Выбрать главу

Масто спросил меня: «Каков твой вывод?»

Тогда я сказал: «Мой вывод таков, что Бог первым создал мужчину, потому что он не хотел никакого вмешательства, когда он создавал». Это очень хорошо известное высказывание на Востоке. У него нет ничего общего со мной, но оно мне так понравилось, что я могу почти сказать, что оно принадлежит мне. Если любовь может сделать что-то чьим-то, тогда оно мое. Я не знаю, кто первый сказал это, и я не хочу знать.

Я также сказал Масто: «С тех пор, ничего о Боге не слышно. У тебя есть что-нибудь новое об этом бедном старике? Он уволился? Он забыл свое создание? Разве у него нет любви и сострадания к тем, кого он создал?»

Масто сказал: «Ты всегда придумываешь странные вопросы из-за таких абсурдных историй, а потом ты заставляешь их звучать осмысленно. Не удивлюсь, если однажды ты станешь писателем».

Я сказал: «Никогда. Этим занимаются намного более талантливые люди. Я нужен где-то еще, где никто больше не заинтересован, потому что я думаю интересоваться только Богом».

Масто был шокирован. Он сказал: «Богом? Я думал, ты не веришь в него».

Я сказал: «Я не верю, потому что я знаю, и я знаю это настолько глубоко, что даже если ты отсечешь мне голову, я все равно скажу: «Я знаю». Меня может не быть… раньше меня не было… Он был, и он будет».

На самом деле, сказать «он» неправильно. На Востоке мы говорим «оно», и это звучит великолепно. ОНО, написанное заглавными буквами, дает настоящее значение словам Будды, высказываниям Лао Цзы, молитвам Иисуса. «Он» снова ориентируется на мужчину, а «он» — это не «она».

Я слышал… вы могли еще не слышать, потому что это принадлежит будущему. Это будущая история. Папа-поляк умирает, и, конечно, отправляется на небеса. Он спешит увидеть Бога, и так же быстро, как он попадает на небеса, возвращается он еще быстрее — плача и причитая. Святые Петр, Павел, Фома, и все остальные святые собираются и говорят: «Не плачь, не причитай. Ты хороший человек, и мы понимаем твои чувства».

Папа закричал: «Что вы понимаете? Вы знаете, что он, во-первых, не белый, он негр? А во-вторых, еще хуже: он даже не он, он - это она».

Бог ни он, ни она — но поляки это поляки. Вы можете сделать их Папами, но это не имеет никакого значения. Бог создал мир не в соответствии с взглядами мужчин-шовинистов или женщин-феминисток. Их точки зрения прямо противоположны.
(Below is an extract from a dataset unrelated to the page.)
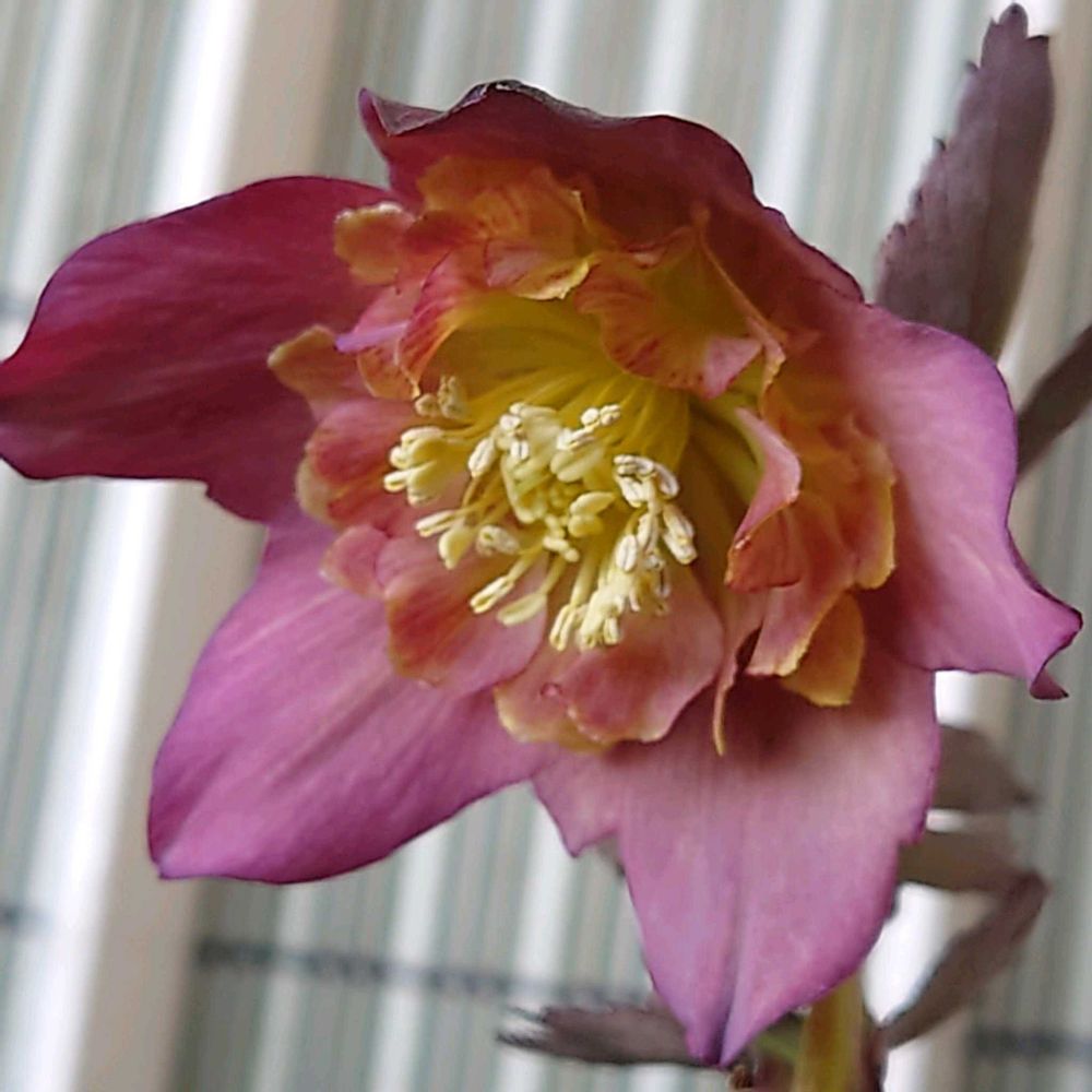 クリスマスローズカメレオンのネクタリー(内側小花弁)がふわりと広がり、色も外側花弁と同じ赤紫になってきました😍

Он создал женщину как совершенную модель, и, конечно, каждый художник верит, что она совершенная модель. Если вы увидите их картины, вы тоже поверите, что она совершенна. Но, пожалуйста, остановитесь здесь. Не затрагивайте настоящую женщину. Картины — это хорошо, статуи тоже, но настоящая женщина несовершенна, какой она и должна быть.
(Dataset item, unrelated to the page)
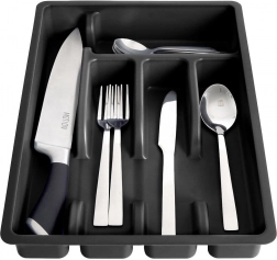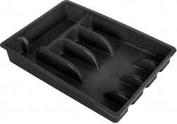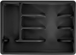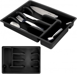Izdelan iz kakovostne, trpežne plastike v elegantni črni barvi. Material je gladek, higieničen in preprosto za čiščenje – zadostuje vlažna krpa ali pomivalni stroj. Zaradi univerzalnih mer se prilega večini predalov in takoj spremeni nered v pregledno shrambo.

Я не имею в виду ничего унизительного. Несовершенство - это закон самой жизни. Только мертвые вещи совершенны. Жизнь, по необходимости, несовершенна. Женщины несовершенны, мужчины несовершенны, а когда встречаются дна несовершенства, вы можете понять, что в результате получится.
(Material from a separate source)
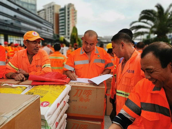 福保项目发放环卫工人节慰问物资

«Вот мои выводы», - сказал я Масто, - «Что Бог создал мужчину, а тот начал задавать философские вопросы. Бог создал женщину, чтобы она занимала мужчину». С тех пор мужчина покупает бананы, и по дороге домой он так устает, что, хотя его жена хочет обсуждать великие вещи, он просто хочет скрыться за «Таймс» или за другой газетой. Он постоянно на бегу из-за женского «сделай то, сделай это».

Странно, что женщинам позволена работа учителя, хотя им не позволено работать во многих других областях. Возможно, в атом есть логика. Хорошо заботиться о бедных мальчиках, пока это не слишком поздно, и, кроме всего, они всегда дрожат перед женщиной, постоянно боясь ее. С тех пор Бог всегда наслаждался наблюдением за всей ерундой, которая происходит в мире, созданным им за десять дней.

Будды пытаются как-то дать вам мимолетное впечатление того мира расслабления, который существовал до того, как начался мир и все его беды. Даже сейчас возможно просто сделать шаг в сторону. И выйдя из потока, вы неожиданно начинаете смеяться; Бог или не Бог, это была всего лишь история. Я сказал Масто: «Пока кто-то не выйдет из обыденного потока жизни…»

Я хотел попрощаться с этим человеком, но хорошо, что не смог. Столько еще связано с ним, и все это может отражать многое другое. Жизнь всегда проста и сложна, так проста, как капля росы, и так сложна, как капля росы, потому что капля росы может отражать все небо, и содержать в себе все океаны. И, конечно, она не будет существовать вечно… возможно, всего несколько минут, а потом навсегда исчезнет. Я подчеркиваю «навсегда». Тогда нет возможности, чтобы она вернулась, со всеми своими звездами и океанами. Столько связано с Масто…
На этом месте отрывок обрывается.